──────── RECORDS FOR THIS TASK ────────

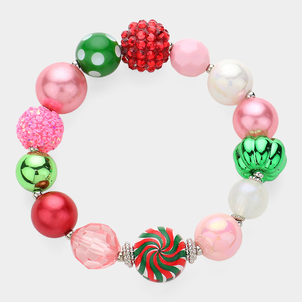 Details • Size : 0.7" H • Stretchable • Playful holiday stretch bracelet featuring assorted textured and glossy beads with festive accents. A cheerful statement piece perfect for seasonal outfits, parties, or gifting during celebrations. • Lead and Nickel Compliant
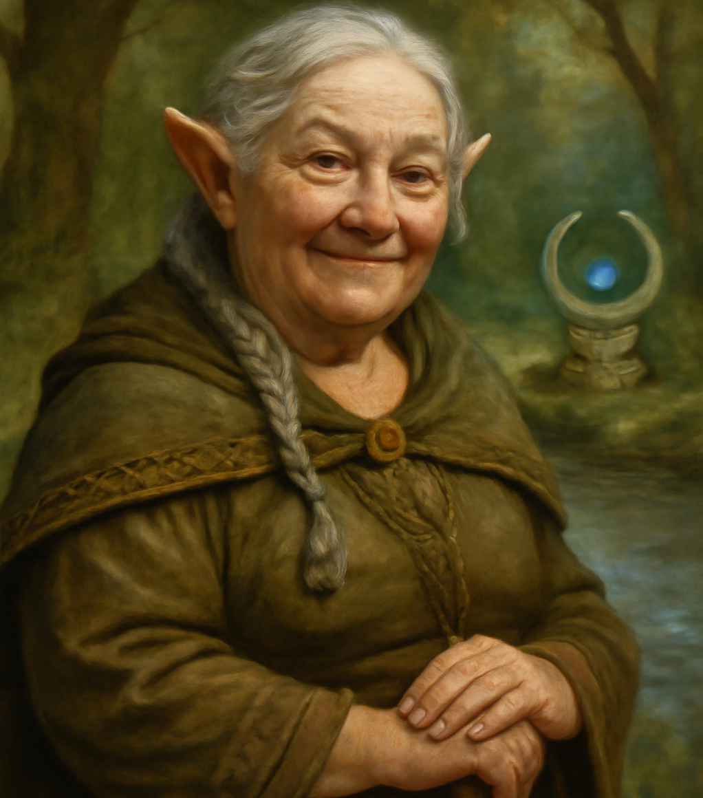 Elara Meadowlight is the respected Village Elder of Riverbend and the devoted guardia...
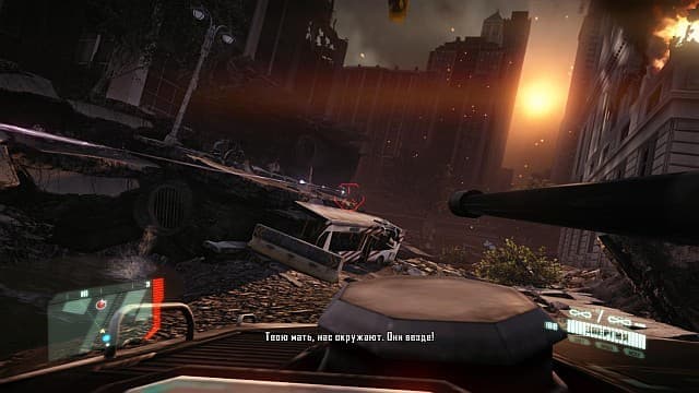 Ладно, оставим в покое сюжет, который был, есть и будет (хотя случаются приятные исключения) второстепенной составляющей шутеров. Самые неожиданные сюрпризы поджидают героя, когда дело доходит собственно до спасения человечества от коварной корпорации C.E.L.L. и злобных пришельцев.Нанокостюм стал значительно проще в использовании. Место радиального меню заняла система «горячих клавиш» и контекстных действий. Больше не надо вручную активировать «максимальную скорость». Достаточно побежать, и герой сам без указки полетит вперед. Пинать автомобили и высоко прыгать также можно, просто зажав соответствующую кнопку. Разве что «невидимость» и «броня», не включаются автоматически. Эти изменения заметно отразились на возможностях Алькатраса. Он стал безупречным солдатом будущего, способный мгновенно подстраиваться под любую ситуацию.Увы, но «идеальное оружие» вскоре превращается в скучающего терминатора, лениво хлопающего газетой сонных мух. Это в Bulletstorm герой вынужденно комбинировал свои навыки для заработка валюты и покупки патронов. Это в Vanquish на Сэма Гидеона оказывалось безжалостное давление со всех направлений. Это в Halo спартанцам противостояли стремительные и сообразительные инопланетяне, способные легко справиться с беспечным супер-солдатом. Crysis 2 не таков.
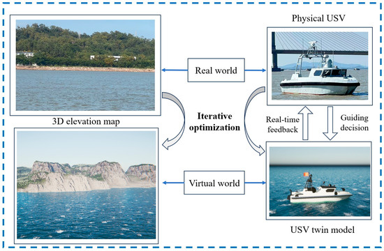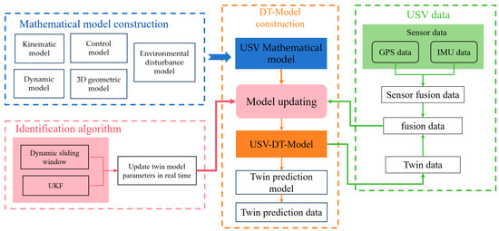 Beyond serving as a modeling tool for unmanned surface vessel (USV) navigation systems, digital twins also function as key components for real-time state estimation and short-term attitude prediction. In this study, the digital twin method is defined as an integrated technical framework that combines high-fidelity modeling, real-time sensing, data fusion, and predictive analytics. Specifically, real-time sensor data collected from the physical USV is transmitted to the digital twin model, which is iteratively optimized through system identification algorithms to achieve dynamic synchronization between the physical entity and its virtual representation. This process significantly enhances the model’s responsiveness and predictive capability, thereby providing robust technical support for USV navigation and control.
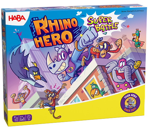 Rhino Hero hat seine Superhelden-Freunde mitgebracht! Diesmal werden nicht nur die wackeligsten Wolkenkratzer erklommen, sondern auch knallharte Battles ausgetragen. Wer sich von den Spider Monkeys nicht aus der Ruhe bringen lässt und mit ruhiger Hand und Würfelglück das höchste Stockwerk erreicht, gewinnt die Himmelsstürmer-Medaille in Rhino Hero Super Battle.

────────

# WORK REQUEST:
Repeat only the lines between the start of the data and the line with "Elara Meadowlight is", including those two lines, and skip the pictures.

# THE ANSWER:
 Details • Size : 0.7" H • Stretchable • Playful holiday stretch bracelet featuring assorted textured and glossy beads with festive accents. A cheerful statement piece perfect for seasonal outfits, parties, or gifting during celebrations. • Lead and Nickel Compliant
 Elara Meadowlight is the respected Village Elder of Riverbend and the devoted guardia...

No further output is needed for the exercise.